Waterbury Timers Baseball

1947-1950 Waterbury Timers

Colonial League (1947-1950)

Born: 1947 – Colonial League founding franchise.
Folded: July 15, 1950

Stadium: Municipal Stadium

Owners: Joe Lombard, et al.

Governor’s Cup Championships: None

 

Background

The Waterbury Timers were a minor league baseball club that play for three seasons and part of a fourth in the small Western Connecticut city in the years immediately after World War II.  The Timers were founding members of the Colonial League, a Class B loop that included teams from Connecticut, New Jersey and New York.

On August 7th, 1947 the New York Yankees played a mid-season exhibition against the Timers . 9,000 fans turned out at Municipal Stadium to see the eventual World Champions manhandle the Timers 8.-0.

During their four-year run, the Timers fielded only two players with Major League experience.  One was outfielder Hank Lamanna who slugged 21 homers for the 1947 Timers and hit .340 that summer.  Lamanna was a converted pitcher who pitched parts of three seasons for the National League’s Boston Braves from 1940 to 1942.

1949: War Hero Bert Shepard Joins Timers

More notable was war hero Bert Shepard.  Shepard was a minor leaguer in the early 40’s before joining the armed services for the war. Trained as a P-38 fighter pilot, he was shot down over Germany in 1944. In the aftermath of the crash, his life was saved by a German doctor who amputated his mangled left leg below the knee.  A Canadian doctor fitted Shepard with a crude prosthesis in a Nazi POW camp and he was repatriated to the United States in February 1945.

Shepard attended spring training with the Washington Senators a few weeks later and managed to latch on as a batting practice pitcher and coach.  On August 4, 1945, Senators manager Ossie Bluege, facing a depleted staff and a 14-2 deficit against the Boston Red Sox, put Shepard on the mound. Shepard would scatter three hits and one-run over five-and-a-third innings, becoming the first amputee to play Major League Baseball. Shepard would never play in the Majors again. Four weeks later he was awarded the Distinguished Flying Cross for his heroism in the war.

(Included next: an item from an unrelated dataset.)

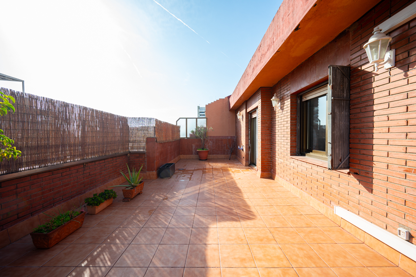 Este ático te permitirá tocar el cielo de Barcelona y disfrutar del sol y de fantásticas vistas desde su terraza. Con una ubicación privilegiada muy cerca de la Plaza Francesc Macià, esta vivienda te ofrece una experiencia de vida inigualable en la gran ciudad, con confort, intimidad, luminosidad y el encanto de la arquitectura tradicional representada en techos con volta catalana, vigas a la vista y paredes de ladrillo. Se trata de un sobreático en la novena planta del edificio, por lo que no hay ninguna vivienda encima de él. Tiene 113 m2 construidos interiores y terraza de 35 m2 con una orientación excepcional que garantiza sol durante todo el día. Fue reformado en 2021 con un concepto moderno y funcional, así como acabados de diseño. La entrada nos lleva directamente a la amplia zona de día, formada por un salón-comedor con cocina abierta e isla central. El ambiente es muy acogedor y lleno de vida con gran luminosidad, además del toque excelente de la volta catalana en los techos y una chimenea que aporta calidez y distinción. Desde el salón accedemos a la terraza, orientada hacia el mar. Es el lugar perfecto para celebrar animadas comidas y reuniones con familia y amigos, o simplemente descansar en el agradable clima de Barcelona. La zona de noche tiene 2 habitaciones increíblemente luminosas. El dormitorio principal tiene cuarto de baño en suite, tiene orientación montaña y da al patio de manzana. El otro dormitorio es mediano y da al patio interior del edificio. A su lado, hay un cuarto de baño independiente. El ático está equipado con aire acondicionado por splits, calefacción por radidores de gas natural, suelos de parquet sintético. El edificio tiene servicio de conserjería de lunes a viernes y 2 ascensores. Su entrada fue reformada recientemente. Este ático disfruta de una ubicación excelente con todas las ventajas del Eixample y la zona alta a pocos pasos. Los alrededores tienen todo tipo de servicios, tiendas, el centro comercial El Corte Inglés, restaurantes, zonas verdes como el Turó Park y opciones de transporte público. No dudes en contactar con Bcn Advisors para visitar este piso.

Shepard signed on with the Timers in 1949 as player-manager at a reported salary of $4,000 to $4,500. Shepard pitched and player first base for the club. When Shepard’s notoriety failed to produce the expected bump in attendance, the Timers cash-strapped board of directors cut him loose in August 1949. Shepard’s players first threatened a strike. When the strike effort foundered, Timers players formed a fundraising committee and raised money for Waterbury merchants to underwrite Shepard’s salary. The Timers reinstated Shepard. But bad blood remained and Shepard fought with Timers management over unpaid salary into the offseason.

1950: Midseason Demise of Colonial League

Needless to say, Shepard didn’t return in 1950.  The return of the Timers and the Colonial League was in doubt too. Red ink flowed and tax liens loomed in cities around the circuit.  A fourth season got underway in April, but the hobbled Colonial League collapsed midway through its schedule in July of 1950.  Pro baseball was absent from Waterbury for the next 15 summers until the arrival of the Waterbury Giants of the Eastern League in 1966.

 

In Memoriam

Timers player-manager Bert Shepard passed away on June 16, 2008 at age 87. New York Times obit.